Budget AUD 40,000-80,000 for a proper security audit and penetration test before going live. It’s worth it. A breach in MedTech isn’t just embarrassing-it’s a regulatory investigation, potential class action, and the end of your credibility.

Practical architecture: What actually changes in your code

Your architecture will look different. Here’s why:

Traceability: Every change to the codebase must be traceable to a requirement. Use semantic versioning and tag releases in Git with corresponding documentation. Your testing team needs to know which requirements each test covers.

Validation vs. testing: Testing is checking that your code works as written. Validation is checking that it solves the problem it’s supposed to solve. You need both. Build separate validation test suites that mirror real clinical workflows.

Audit logging: Every action a user takes-login, data access, decision support result, report generation-must be logged with timestamp, user ID, and action. This is table stakes for compliance and essential for post-market surveillance.

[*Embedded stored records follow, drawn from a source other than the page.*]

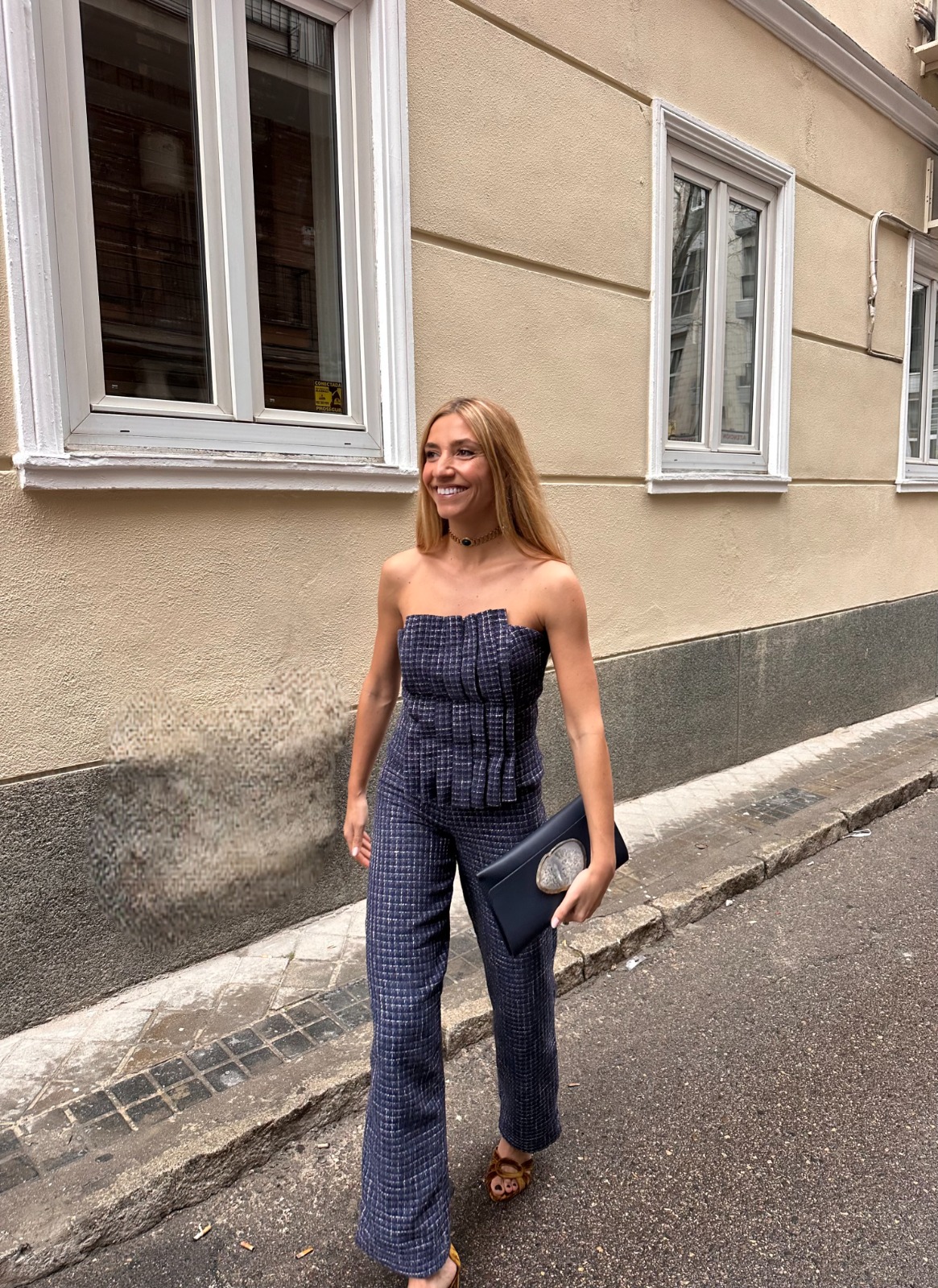 El Pantalón Gracia presenta un corte recto que estiliza la figura con elegancia. Confeccionado en tejido chanel azul, es la pieza perfecta para crear un total look junto al Top Gracia y la Chaqueta Gracia.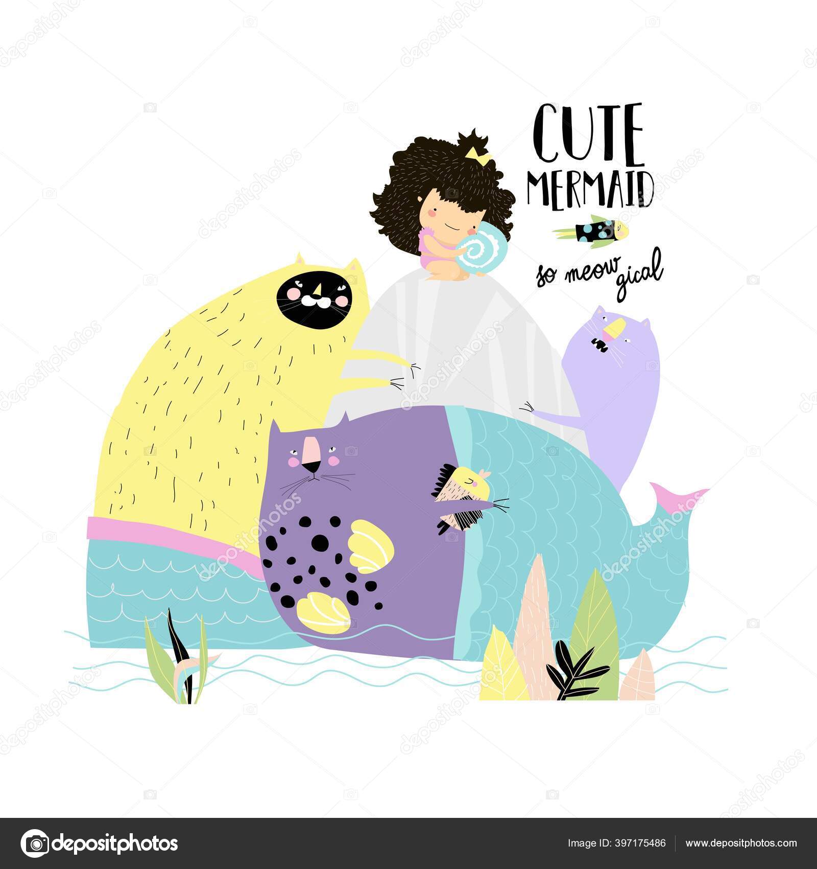 Gato De Sirena De Dibujos Animados Lindo Bajo El Mar Ilustracion Gracioso Vector Ilustraciones Vectoriales Clip Art Vectorizado Libre De Derechos Image 81800491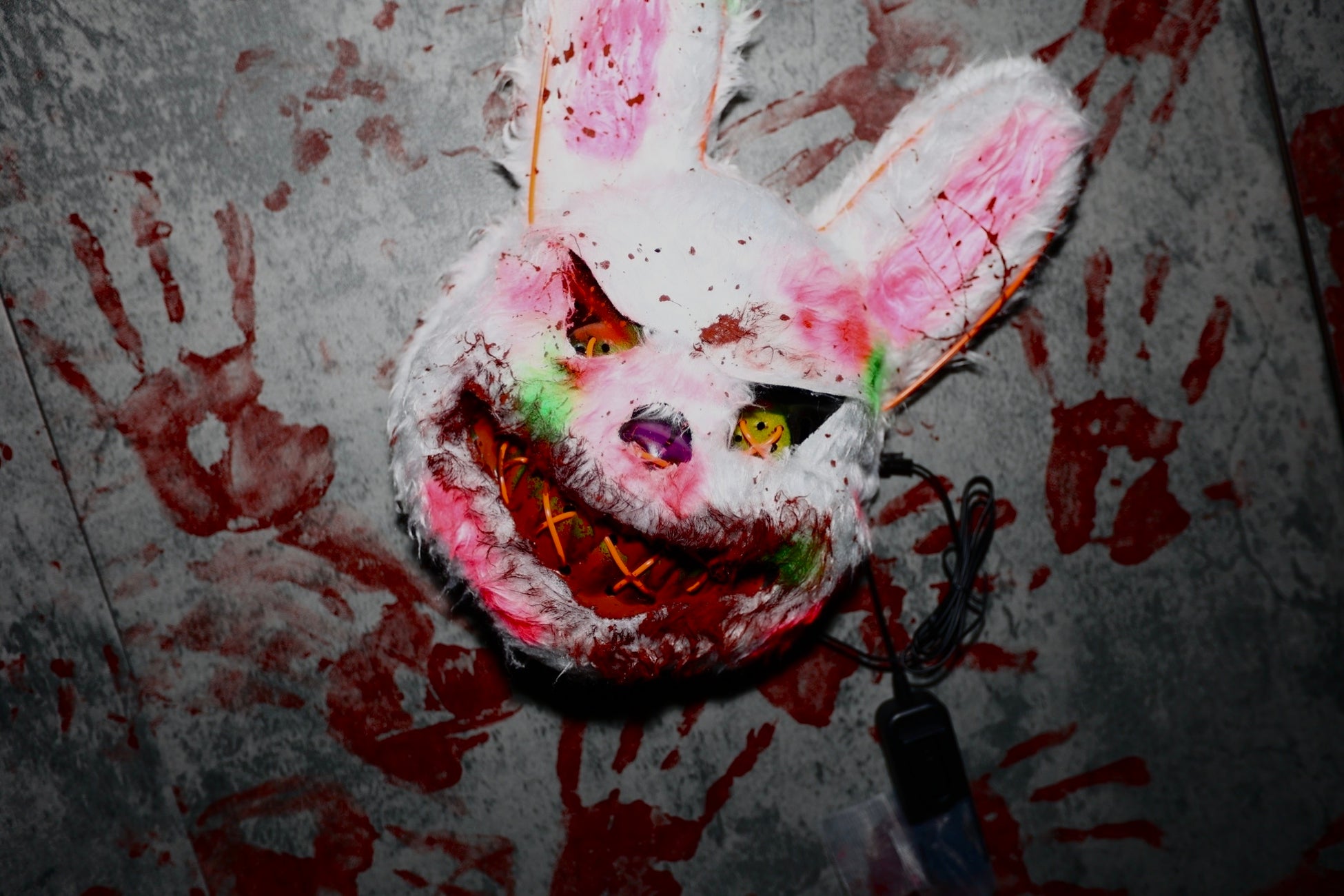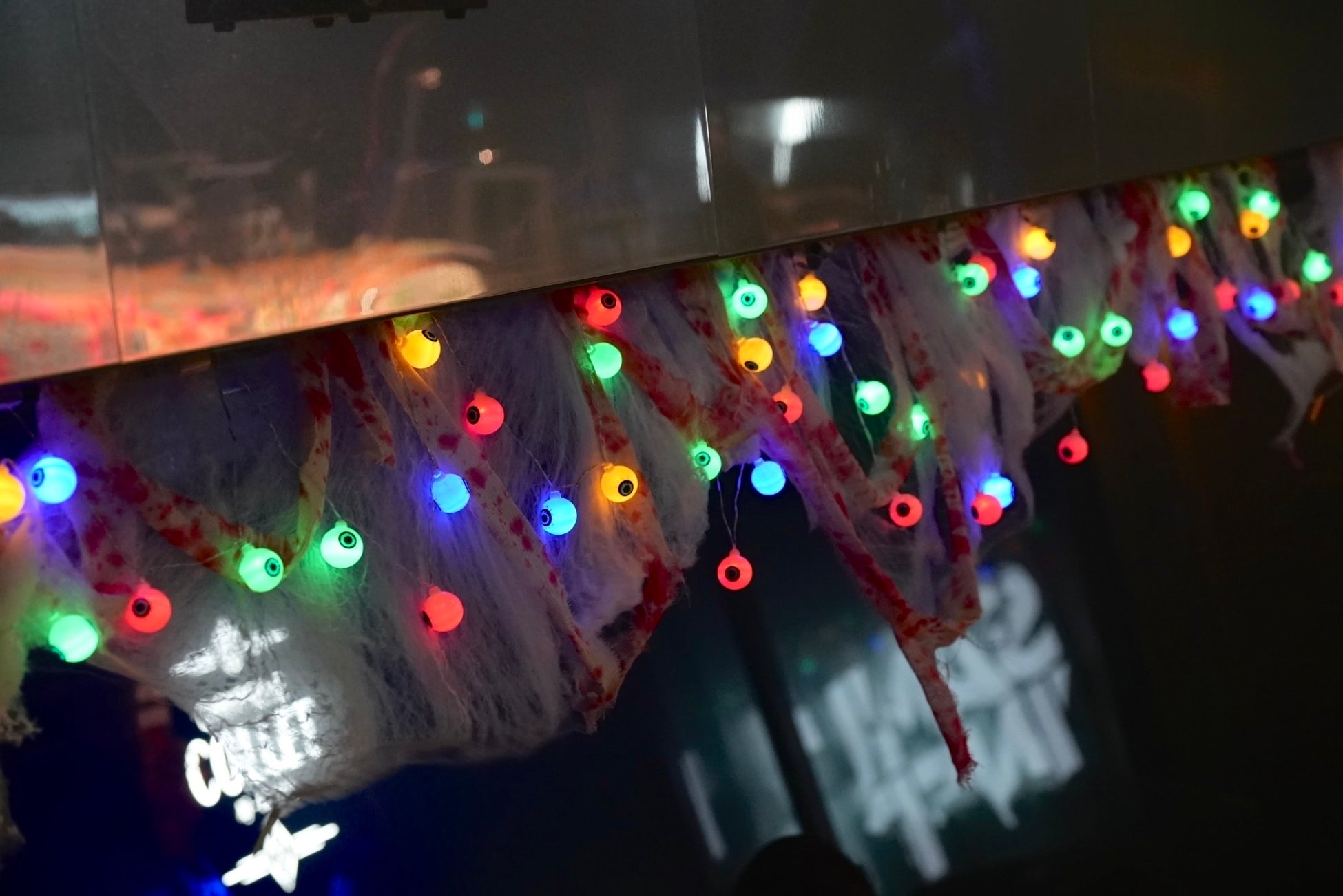 フロアのネオンと、ちょっぴりホラーな装飾が合わさり、幻想的で非日常な空間に…!

Configuration and customisation: If your software is used across multiple clinics, you need strong isolation. Patient data from Clinic A must not leak to Clinic B. Use separate databases or strict row-level security. This isn’t optional.

Deployment discipline: You can’t push updates whenever you want. You need change control procedures. Every release is tested in a staging environment identical to production. Rollbacks are documented. Hotfixes are only for safety-critical issues and still require documentation.

This doesn’t mean you can’t ship fast. It means your “MVP” process is tighter. You ship smaller features, more frequently tested, with better documentation. That’s actually better engineering.

Timelines and budgeting: What founders get wrong

A compliant MVP for Class II MedTech typically costs AUD 200,000-500,000 and takes 8-12 months, not the 28 days we quote for standard SaaS. That’s because you’re running two parallel processes: building the product and building the compliance evidence.

Founders often underestimate:

  • Clinical input: You need actual clinicians (not just users) involved in design. Budget 20-30% of design time for iteration with medical professionals.
  • Documentation: Non-trivial MedTech products have 100-200+ pages of QMS documentation. Someone writes and maintains this. Budget a technical writer or senior engineer part-time.
  • Testing and validation: Expect 40-50% of engineering effort to go into testing. That’s higher than standard SaaS because the cost of bugs is higher.
  • Regulatory consulting: You’ll hire a QMS consultant or regulatory affairs specialist. Budget AUD 100-150 per hour, 200-400 hours in year one.

If you have early funding and genuine clinical need, this is worth doing properly. If you’re pre-MVP validation, consider building a non-regulated decision support tool first-same underlying tech, lighter process-and graduating to full medical device status when you have customers and capital.

There’s a middle ground. A lot of founders skip full TGA approval because they sell their software as a “clinical decision support tool” that doesn’t diagnose or treat-it informs. That’s legally defensible but murky. Check with a healthcare lawyer before assuming you can avoid regulation.

Where to start

Before you commit to a 12-month compliance roadmap, do this:

  1. Get a healthcare lawyer to classify your product under TGA rules. Ask specifically: is it a medical device?
  2. If yes, talk to a regulatory consultant for a preliminary QMS assessment.
  3. Map the cost and timeline realistically. If it’s outside your runway, decide: raise capital, pivot the product, or build non-regulated version first.
  4. Hire your compliance person early. They should be in the room when architecture decisions are made, not brought in after code is written.

If you’re serious about MedTech and want to work with a team that understands both the engineering and the regulatory constraints, talk to Amora about your build. We build in regulated spaces. We know where the constraints actually matter and where founders over-engineer.

MedTech is slower than SaaS, but it’s not impossible. The startups that move fast are the ones that plan for compliance from day one, not the ones racing to launch and hoping lawyers fix it later.